** Opening Given information block **

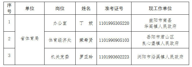 根据《2025年度湖南省省直机关公开遴选公务员公告》有关规定,经笔试、面试、体检、考察、局党组集体研究等程序,确定丁姣、荣希贤、罗亚玲3名同志为省体育局拟遴选对象,现予以公示。
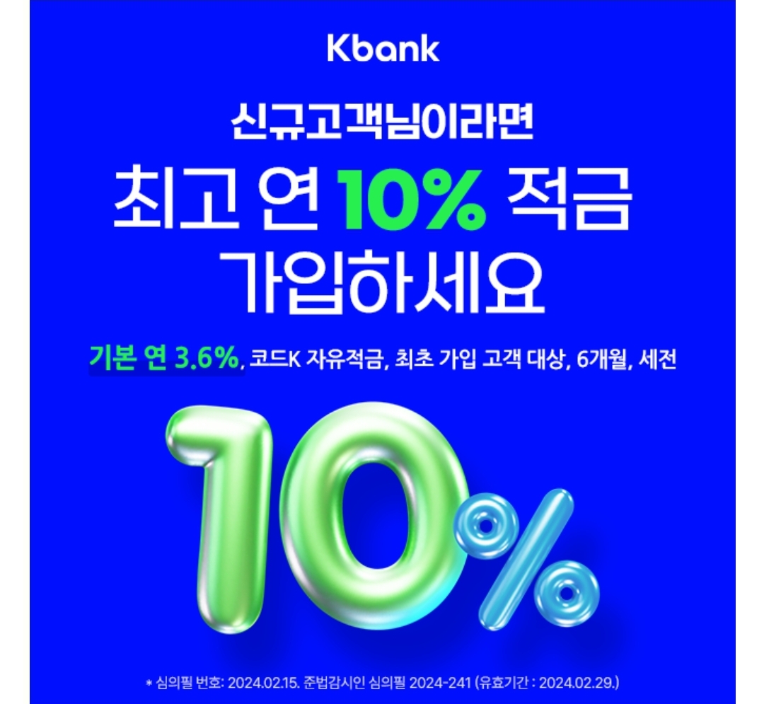 케이뱅크가 처음이라면 코드k 자유적금 가입시 최고 연ㅇㅇ%(기본 연3.6%,6개월,세전)까지 우대받을 수 있는 금리우대코드를 받을 수 있는데요, ㅇㅇ에 들어갈 숫자는 무엇일까요?
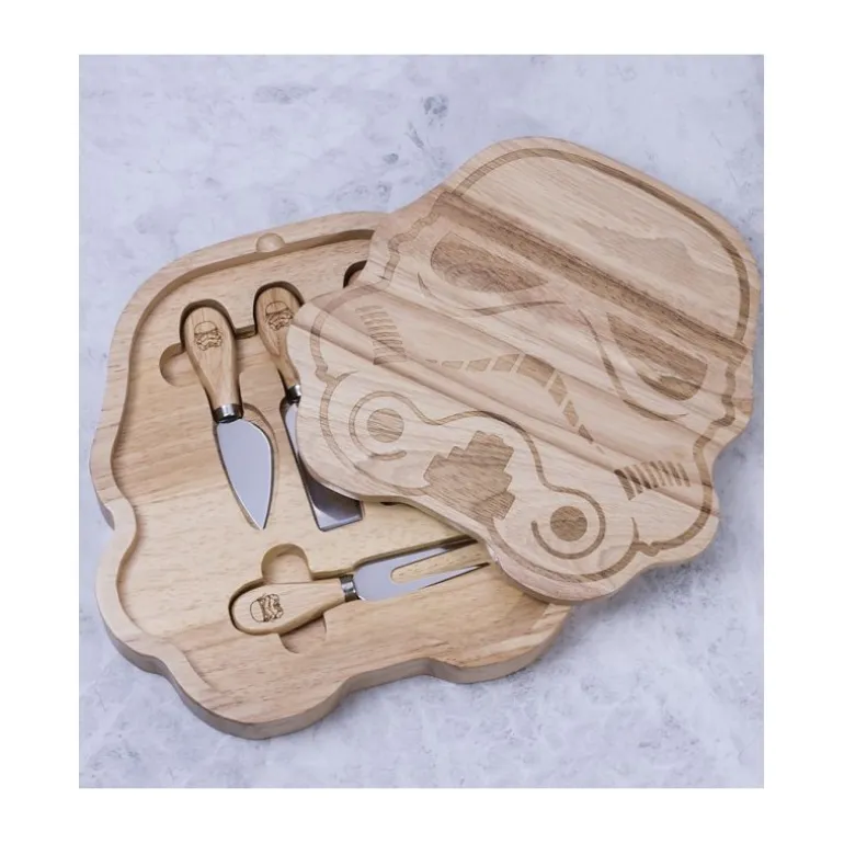Esto es exactamente lo que parece: una maravilla de set gourmet para hacer tablas de quesos. La tabla está genialmente diseñanda, con las forma del casco de los Soldados Imperiales o Stormtrooper de Star Wars. Está pensada para ser usada como tabla para cortar y servir al mismo tiempo y en su interior se pueden almacenar las cuatro herramientas imprescindibles para el quesero gourmet.
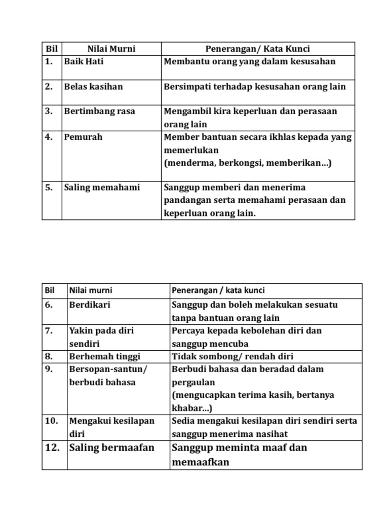 Senarai Nilai Murni Nilai Google Search
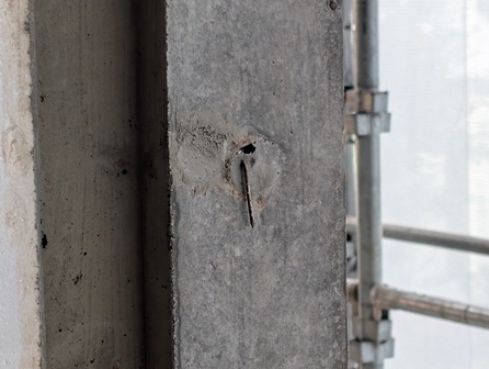 あらかじめコンクリートに埋められた金具が見えています。この金具と
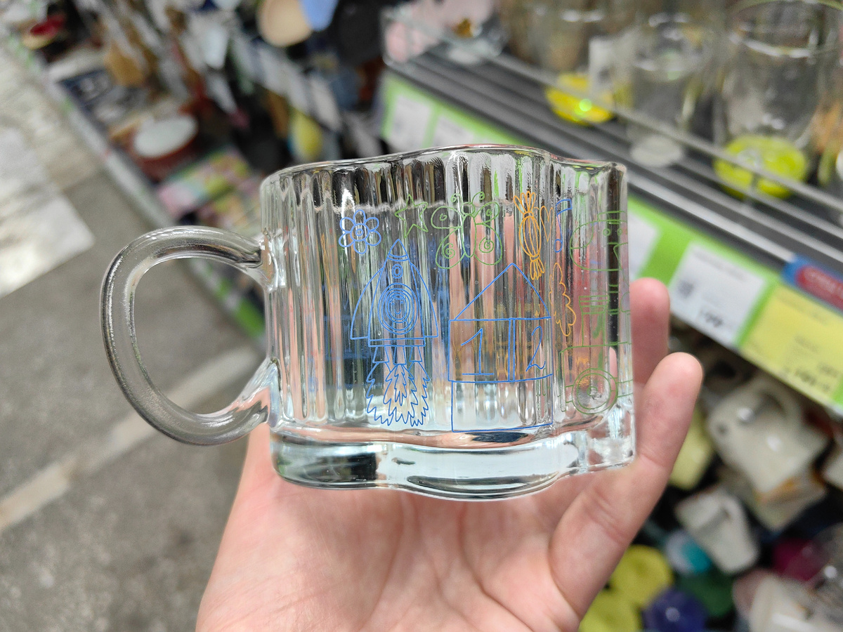 удачная поставка, таких новинок еще не было в Фикс Прайс, особенно много всего для кухни. Взять эти же низкие кружки. Стекло, форма необычная, и принт приятный такой, словно детский рисунок перенесли. Это все потому, что кружки из коллекции детской посуды. Можно и не только для детей, просто себе для позитивного настроения. А, если посмотреть на кружку сверху? А сверху как цветок. Новинка не одна, такой формы еще кружечка, с забавными мультяшными героями. Будет еще с котиками и с единорогами. С таким же цветочком высокие стаканы, форма такая. Единственное, нет на поверхности рельефа, просто гладкое стекло. Стакан высокий, без принта. Рядом много разных стаканов, и по цвету, по форме отличаются. В разное время привозили. Выставили турки, были прошлой осенью. И, знаете, это две разные коллекции, но очень похожи. Получается, кто покупал Янтарную посуду, можно дополнить из Жар-птицы, тон один. Отличие может быть в толщине стекла. Соусницы привезли, каждая запаяна в пленку, чтобы к
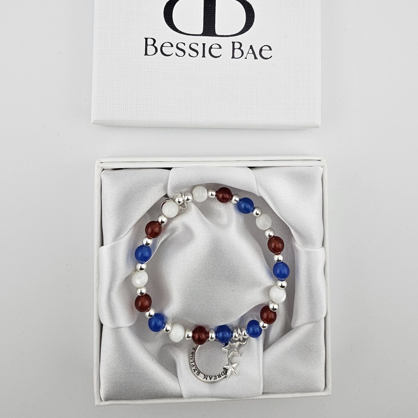 Wrist wearing a Bessie Bae silver moon and stars charm bracelet with red, blue, and white beads on a wooden surface.

** Closing Given information block **

Assignment
Print exactly the lines from the first line of the records above through the line containing "케이뱅크가 처음이라면 코드k", leaving out the pictures.

Solution for this exercise
 根据《2025年度湖南省省直机关公开遴选公务员公告》有关规定,经笔试、面试、体检、考察、局党组集体研究等程序,确定丁姣、荣希贤、罗亚玲3名同志为省体育局拟遴选对象,现予以公示。
 케이뱅크가 처음이라면 코드k 자유적금 가입시 최고 연ㅇㅇ%(기본 연3.6%,6개월,세전)까지 우대받을 수 있는 금리우대코드를 받을 수 있는데요, ㅇㅇ에 들어갈 숫자는 무엇일까요?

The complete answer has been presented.